Facebook has faced trouble getting its payments system, WhatsApp Pay, past regulators. Google is facing an antitrust investigation. And Amazon was told a few years ago, on Twitter, by a top bureaucrat that it “better behave”.

Although none of the companies will mention this in their slick press releases about investing in Jio, the presence of a Google and Facebook representative on the board of a company whose chairman is a master of navigating India’s regulatory thicket is likely to be seen also as a strong foothold in the Indian market, no matter how the laws change.

Of course, beyond this is the simple fact that Jio – with major investments in 5G and content, and a friendly regulatory regime – is set to expand even further into the data and internet space in the country, and so would seem like a solid investment bet for any player.

What were the other big announcements?

  • Reliance is getting into 5G. Mukesh Ambani announced that it will offer its own 5G network solution, making it a competitor to global companies like Ericsson and Nokia and under-scrutiny Chinese companies like ZTE and Huawei.
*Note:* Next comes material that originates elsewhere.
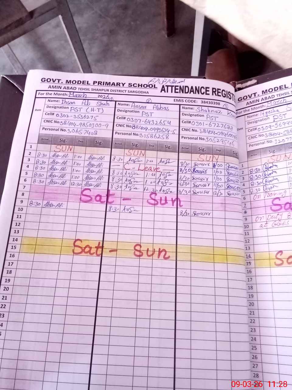 | CNIC | Full Name | Designation | R/C | Absence during last cal. month |

Reliance has sought permission to test its own 5G gear, which it hopes to eventually be able to export as a “Made in India” network.
  • The company showed off Jio Glass, a mixed-reality product – combining what you see with images projected onto spectacles – similar to Google Glass, that it said would be used particularly for classroom situations as well as company meetings.
  • Google and Jio are working together on an Android-based operating system, and are even working to build an entry-level affordable smartphone that can take Indians off 2G and onto faster networks.
  • Reliance is next looking to bring in investors for its retail offerings. The company recently launched JioMart, a marketplace that connects consumers with shopowners primarily for basic groceries. It announced that JioMart will expand into fashion, electronics and phones. This will be alongside Reliance Retail, where the company sells directly to consumers.

Why did the share prices go down?

Despite all these announcements, and Reliance ending up net debt-free ahead of schedule, shares of Reliance Industries were actually down on Wednesday. This may have had something to do with Ambani’s statement that one of the big deals that had been in last year’s shareholder meeting had not worked out.

The company had planned to pull in a 20% stake, for Rs 103,000 crore or $15 billion in its petrochemical business from Aramco, the Saudi Arabian state oil company.

“Due to unforeseen circumstances in the energy market and the Covid-19 situation, the deal has not progressed as per the original timeline...,” Ambani said. “Nevertheless, we at Reliance value our over two-decade-long relationship with Saudi Aramco and are committed to a long-term partnership.”

He added, however, that the company had approached the National Company Law Tribunal to spinoff its oil-to-chemicals business into a subsidiary, in the hopes of drawing more investment in that segment.